There was some misplaced elation from Trumps tweets, but in contrast, the Kazakhstan reduction of output of 10% was a valid sentiment and price driver. So when people say it was an unwarranted move up, they clearly are not following the space or following the macro drivers.
Lastly, the longer-term offtake agreements will be getting negotiated from 2017-2020 and this will only drive prices higher, as no companies are making money at $25 and need #Uranium closer to $50-$60. Let's get real, spot pricing can't camp out here for years or there won't be any Uranium mining companies left.
Anyone that seriously believes U will be stuck at this same level flat for 3 years doesn't understand how these off-take agreements will be adjusting pricing up when power and utility companies come back to the market.

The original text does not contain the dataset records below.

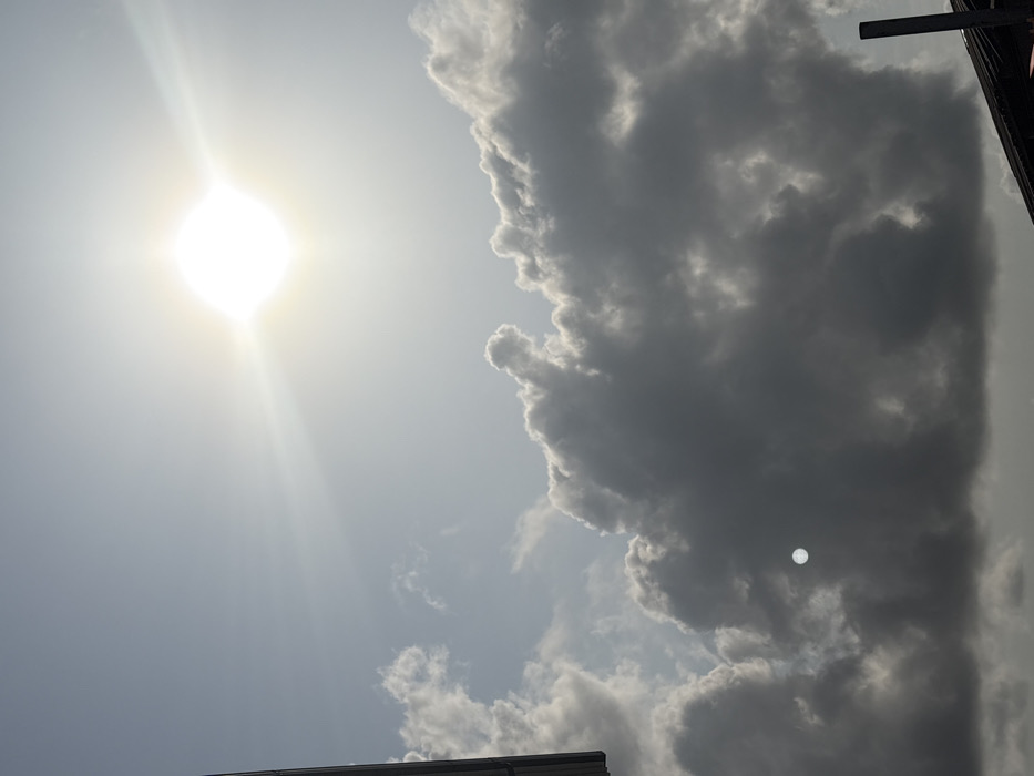 The image displays a daytime sky over Igboefon, Nigeria, dominated by varying cloud formations and a prominent sun. The upper right portion of the frame features a brilliant, intense sun emitting strong rays, creating a bright glare against a light grey-blue sky. Below the sun, a significant mass of dense, dark grey cumuliform clouds extends across the middle and lower sections of the image. Within this dark cloud mass, in the lower-middle left, a distinct, luminous white spherical object resembling a full moon is visible, exhibiting a softer glow compared to the sun. In the upper left corner, a dark, angular, man-made structure, possibly a roofline or part of a building, is partially visible, extending vertically into the frame. In the lower right corner, a dark, vertical cylindrical object, potentially a pipe or pole, rises from the bottom edge, with a faint dark roofline visible beneath it, partially obscured by the cloud cover. No individuals, actions, or specific interactions are discernable within the frame.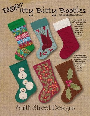 Brief Description for Catalog & Bigger Itty Bitty Booties is an embroidery machine pattern that has a dozen embroidery designs for Christmas stockings completed in the hoop. Suitable for different kinds of fabrics such as felted wool, Kraf-tex, cork fabric lightweight cotton, silk, and even ribbons. Some of the designs require additional machine stitching. The designs are about 7½in high x 5in wide. ART, DST, EXP, HUS, PCS, PES, VIP, VP3, XXX formats.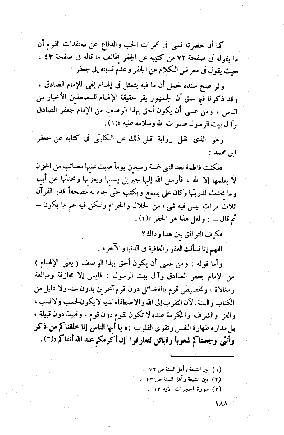 كما أن حضرته نسي في غمرات الحب والدفاع عن معتقدات القوم أن ما يقوله في صفحة 72 من كتيبه عن الجفر يخالف ما قاله في صفحة 43، حيث يقول في معرض الكلام عن الجفر وعدم نسبته إلى جعفر: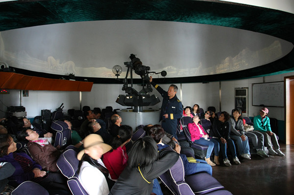 接下来,刘伟环馆长带领全体党员参观了大连海事大学天象馆。大连海事大学天象馆是大连的一个爱国主义教育基地,是航海实验室的组成部分,主要承担《航海学》课程中天文航海部分的实验教学。天象仪能够演示6000颗恒星和主要行星。具有赤道和地平两套天文坐标系统,能同时做恒星周日、太阳周年、北极星岁差南北及星空变换等多个方向的视运动,这些功能极大地方便了复杂抽象的航海天文理论课教学。刘老师为党员们详细演示了日月星辰春夏秋冬运行的规律,介绍了各种星座的位置、黄道赤道的轨迹、如何利用天象导航、如何根据天象为生活服务……为图书馆全体党员上了一堂生动的天文课。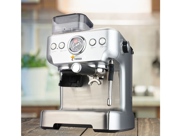 Máy pha cà phê Tahawa TS6213 - Máy pha cafe đa chức năng: Espresso, Cappuccino. Áp suất bơm: 20 bar - Công suất: 2650W - 3050W. Có vòi đánh sữa - Bảo hành chính hàng 12 tháng Thông số kỹ thuật ⦁ Chức năng pha cà phê : Cappuccino, Espresso ⦁ Ngăn chứa cafe hạt : 250g ⦁ Công suất : 9+5 ⦁ Dung tích bình nước : 2,7 lít ⦁ Dạng nút điều khiển : Nút nhấn ⦁ Vòi tạo hơi : 1 ⦁ Số họng pha : 1 Group ⦁ Nguồn điện áp : 220V - 240V / 50Hz - 60Hz ⦁ Kích thước : 33,9cm x 37,3cm x 51,6cm ⦁ Trọng lượng bao bì : 12,54kg ⦁ Bảo hành : 12 tháng Ưu điểm nổi bật của máy pha cà phê Tahawa TS6213 Tahawa TS6213 là dòng máy pha cà phê bán tự động dành cho gia đình, văn phòng, khách sạn, nhà hàng... Vỏ máy được làm từ chất liệu inox cho độ sáng bóng cao, chống han gỉ, sở hữu màu bạc sang trọng, phù hợp với mọi không gian nội thất. Bình chứa nước có dung tích 2.7 lít, được làm từ nhựa cao cấp, bền đẹp. Máy pha cà phê Tahawa TS6213 có tích hợp hộc chứa hạt 250g, vì vậy người dùng có thể sử dụng cà phê bột hoặc cà phê hạt tùy thích. Máy pha cà phê trang bị 1 vòi đánh hơi sẽ giúp bạn pha ra những ly cà phê thơm ngon, hấp dẫn. - Chức năng xay hạt cà phê có 15 mức cỡ xay (TBD), được điều chỉnh bằng tay. Máy pha cà phê có hệ thống làm nóng nhanh bằng điện tử, mức áp suất pha từ 5 - 15 bar. - Máy có bơm áp lực điện từ mạnh 20 bar: Sử dụng áp lực bơm nước lý tưởng trong thời gian ngắn có thể thẩm thấu qua bột cà phê và lấy ra những tinh chất nhất của cà phê, cho ra cốc Espresso thơm ngon, hảo hạng. - Hệ thống capuccino có thể điều chỉnh được: Cà phê Espresso đi kèm chức năng đánh bọt, có thể xả hơi nước nhanh chóng giúp sữa thẩm thấu đều vào cà phê, làm cho cốc cà phê thêm thơm ngon, đẹp mắt. - Tay cầm pha cà phê thiết kế chắc chắn, dày dặn. Bộ lọc có thể lấy ra từ tay cầm dễ dàng, tiện lợi cho việc vệ sinh, giúp loại bỏ hết chất cặn bã cà phê còn bám lại trên phin lọc, tránh để lại mùi lạ.

So a short term sideways to down consolidation wouldn't surprise me at all, and a pullback of 20% should be bought, but a 2-3 year stall would be the end of the industry as we know it, so odds are pricing will head higher moving into 2020 and the Uranium mining stocks will be rerated accordingly.
@Excelsior@barracuda - good point on the disconnect in the pricing reality and where the futures are trading as a projection.
$URG$URE Ur-Energy and $UUUU$EFR Energy Fuels both have off-take agreements in the $40's & $50's and I can't see them renegotiating at $26. ;-)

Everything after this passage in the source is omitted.